MHAはこのような優雅な方法を提供し、業務0.5~2 sの時間を塞ぐだけで、この間、業務は読み取りと書き込みができない.
Candicate master読み
Monitor hostモニタクラスタグループ
# masterha_stop --conf=/etc/masterha/app1.cnf
#/usr/local/bin/masterha_master_switch --conf=/etc/masterha/app1.cnf --master_state=alive --new_master_host= --new_master_port=3306 --orig_master_is_new_slave --running_updates_limit=10000
--running_updates_Limitのデフォルトは1 sです.つまり、プライマリスレーブ遅延時間(Seconds_Behind_Master)またはmaster show processlistのdml操作が1 sより大きい場合、切り替えは実行されません.
Tue Apr 11 15:28:32 2017 - [info] MHA::MasterRotate version 0.56.
Tue Apr 11 15:28:32 2017 - [info] Starting online master switch..
Tue Apr 11 15:28:32 2017 - [info] 
Tue Apr 11 15:28:32 2017 - [info] * Phase 1: Configuration Check Phase..
Tue Apr 11 15:28:32 2017 - [info] 
Tue Apr 11 15:28:32 2017 - [warning] Global configuration file /etc/masterha_default.cnf not found. Skipping.
Tue Apr 11 15:28:32 2017 - [info] Reading application default configuration from /etc/masterha/app1.cnf..
Tue Apr 11 15:28:32 2017 - [info] Reading server configuration from /etc/masterha/app1.cnf..
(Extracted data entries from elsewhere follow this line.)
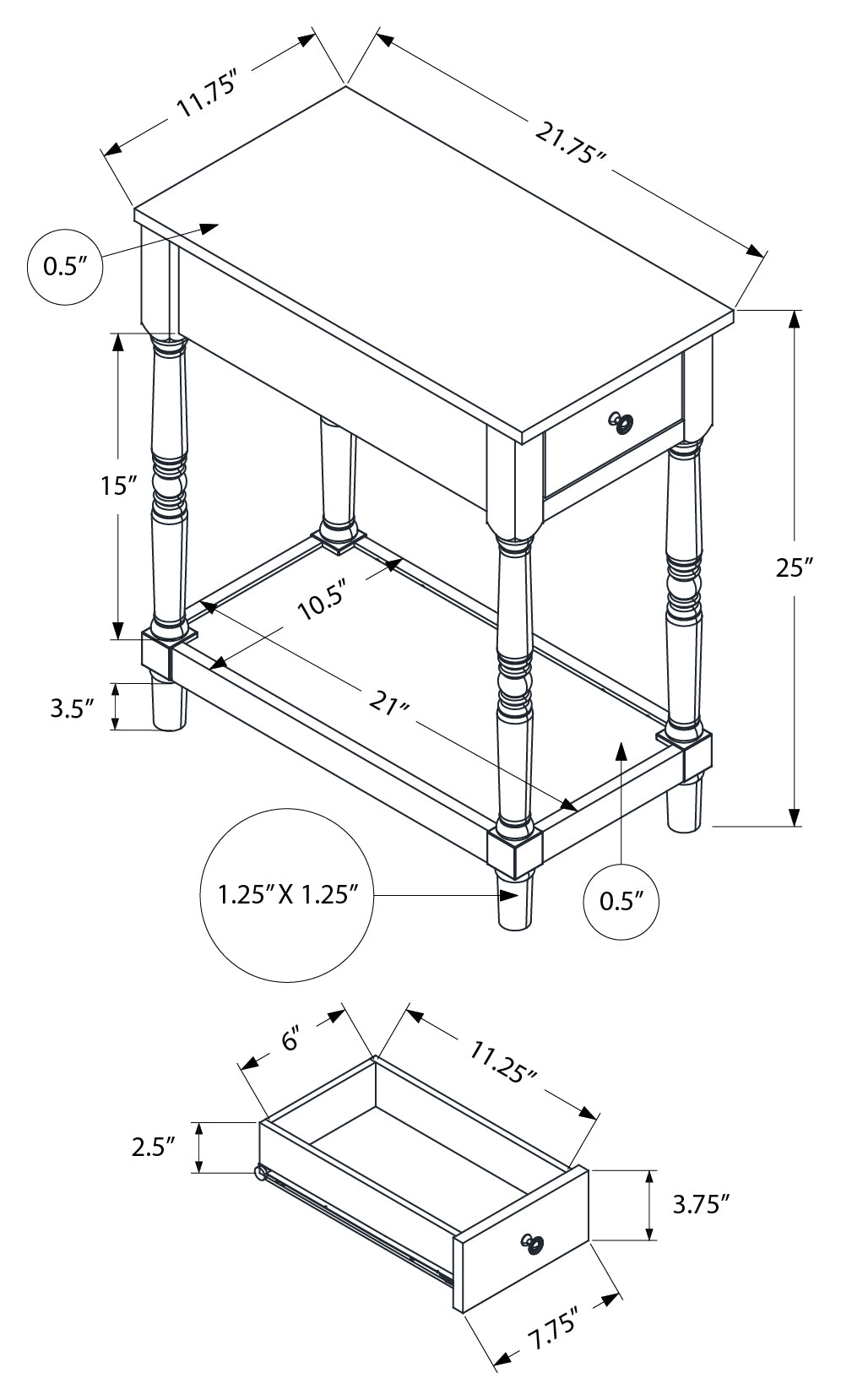 Cette table d'appoint tendance et pratique de 25 pouces de hauteur est une pièce incontournable pour votre maison. Avec un design peu encombrant, cette table d'appoint à 2 niveaux est parfaite pour les petits espaces grâce à son profil étroit à placer à côté d'un fauteuil ou d'un canapé dans un salon avec une petite lampe sur le dessus, ou comme table de nuit dans la chambre. La finition en placage brun chaud avec de minces pieds pivotants ajoute une touche d'élégance traditionnelle à n'importe quelle pièce, tandis que le tiroir de rangement et la tablette inférieure vous permettent de garder facilement vos essentiels à portée de main. Conçue de manière durable avec des matériaux de qualité pour résister à une utilisation quotidienne avec un plateau facile à nettoyer, cette table de bout bénéficie d'une garantie limitée de 5 ans contre les défauts de fabrication pour votre commodité. Facile à assembler avec des instructions illustrées, toute la quincaillerie et les protections de sol incluses pour que vous puissiez avoir cette table d'appoint polyvalente et prête à en profiter.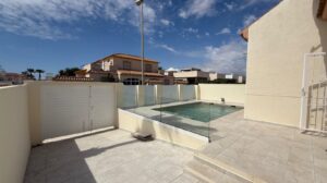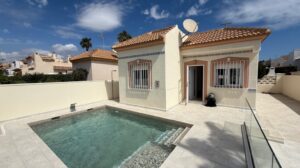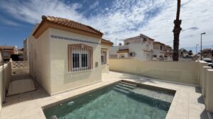 Beautiful villa with private pool, a large solarium with sea views and all-day sun.Located in Torre del Moro, just 400 meters from the sea and a 10-minute walk to La Mata beach.This fantastic Mediterranean-style house offers 2 bedrooms, 1 fully renovated bathroom, a spacious living room with a new American-style kitchen. Equipped with air conditioning in the living room.The property is newly renovated and in excellent condition, ready to move in and enjoy life. A short distance from the Las Salinas shopping center and the Torremarina shopping center where you can find various restaurants, bars, supermarkets and much more.Don't miss the opportunity to buy this beautiful villa with a private pool a short distance from the beaches of Torrevieja!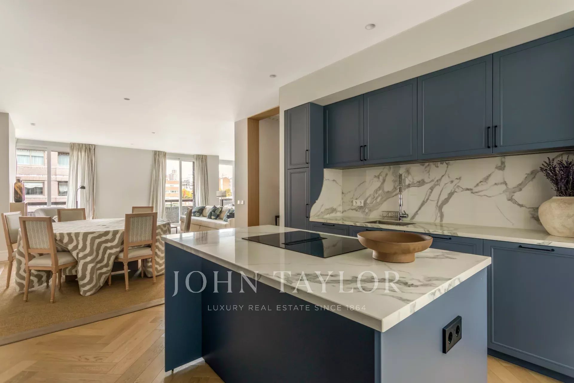 La vivienda se distribuye en un gran salón con amplios ventanales que aportan luz natural, conectado con un comedor perfecto para reuniones y ocasiones especiales. La cocina, de moderno diseño está completamente equipada con electrodomésticos de alta gama. Este lujoso piso dispone de una zona de lavandería independiente, muy funcional para el día a día. Se suma un aseo de invitados, ideal para visitas.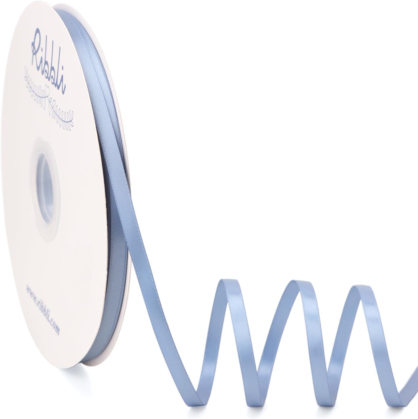 Ribbli Dusty Blue Satin Ribbon Double Faced Satin 1/4 Inch x Continuous 100 Yards-Blue Ribbon for Gift Wrapping Crafts Wedding Decoration Bows Bouquet Floral Arrangement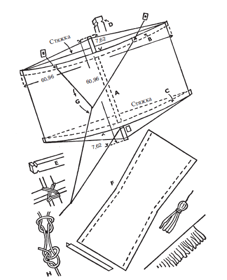 Каркас состоит из трех реек: основной – А и двух поперечных – В и С (рис. 1). Основная рейка выполняется из твердого сухого дерева (лучше сосны или ели) квадратного сечения, со стороной 0,64 см, длиной 60,96 см. На ее концах делают зарубки (D, рис. 1). Рейка должна быть ровной, без сучков или трещин. Поперечные рейки, каждая по 60,96 см длиной и толщиной около 0,64 см, изготовляют из расщепленного тростника. Тростник можно заменить деревянными рейками со стороной сечения 0,64 см, хотя они будут не так прочны и гибки, как тростниковые. На поперечных рейках тоже делаются зарубки для связывающих нитей, скрепляющих рейки (Е, рис. 1).
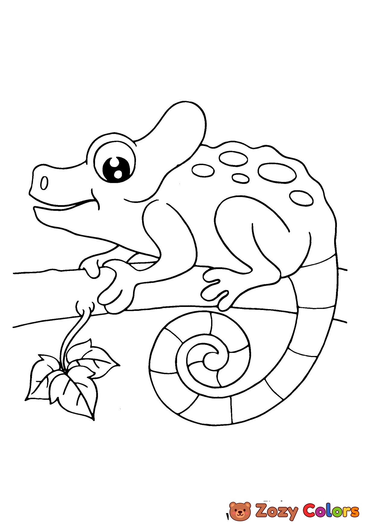 Lizard on a branch. Coloring page to print or download and color for your kids.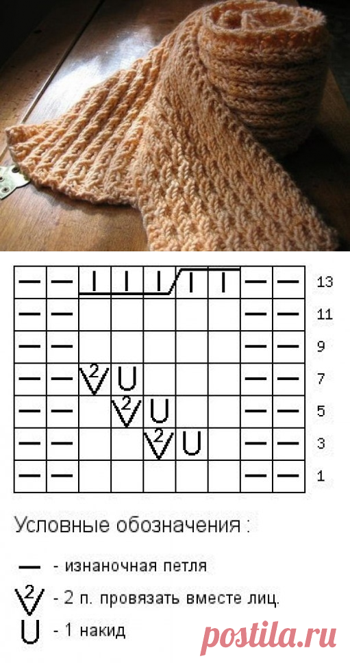 ![Схемы вязания спицами лицевые и изнаночные петли для шарфа]()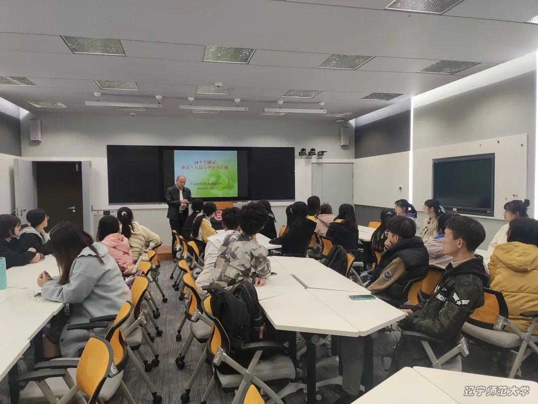 11月10日下午4:00,球友会党委书记兼副院长林忠伟老师走进2019级2班团支部,为同学们讲授了题为“14个关键词速读党的十九届五中全会公报”的专题团课。团课上,林老师为同学们解读“一次具有全局性、历史性意义的重要意义的重要会议”——党的十九届五中全会,并重点为同学们介绍以下几点:办好自己的事、科技自立自强、实体经济、新发展格局、有效市场和有为政府、新型工农城乡关系、以人为核心的新型城镇化、国家文化软实力、人与自然和谐共生的现代化、更高水平开放型经济新体制、共建共治共享的社会治理制度、更高水平的平安中国、建军一百年奋斗目标、坚持党的全面领导。
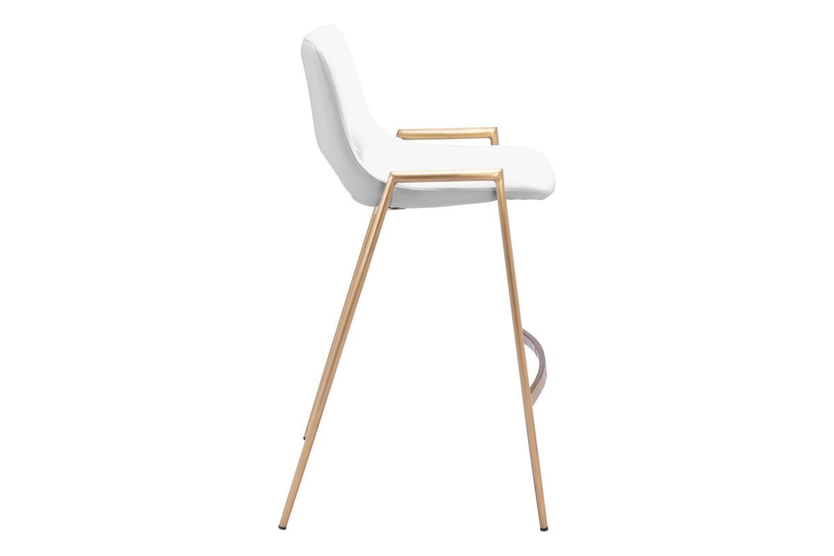 This counter stool has mid century modern urban lines and looks great in any space, with a heavy duty vinyl covering sturdy steel frame and finished legs in gold semi-gloss finish frame, fits in any home kitchen, dining area, or bar and is durable for hospitality use.

Tue Apr 11 15:28:34 2017 - [info] GTID failover mode = 0
Tue Apr 11 15:28:34 2017 - [info] Current Alive Master:
Tue Apr 11 15:28:34 2017 - [info] Alive Slaves:
Tue Apr 11 15:28:34 2017 - [info]  Version=5.6.31-log (oldest major version between slaves) log
-bin:enabledTue Apr 11 15:28:34 2017 - [info]     Replicating from
Tue Apr 11 15:28:34 2017 - [info]     Primary candidate for the new Master (candidate_master is set)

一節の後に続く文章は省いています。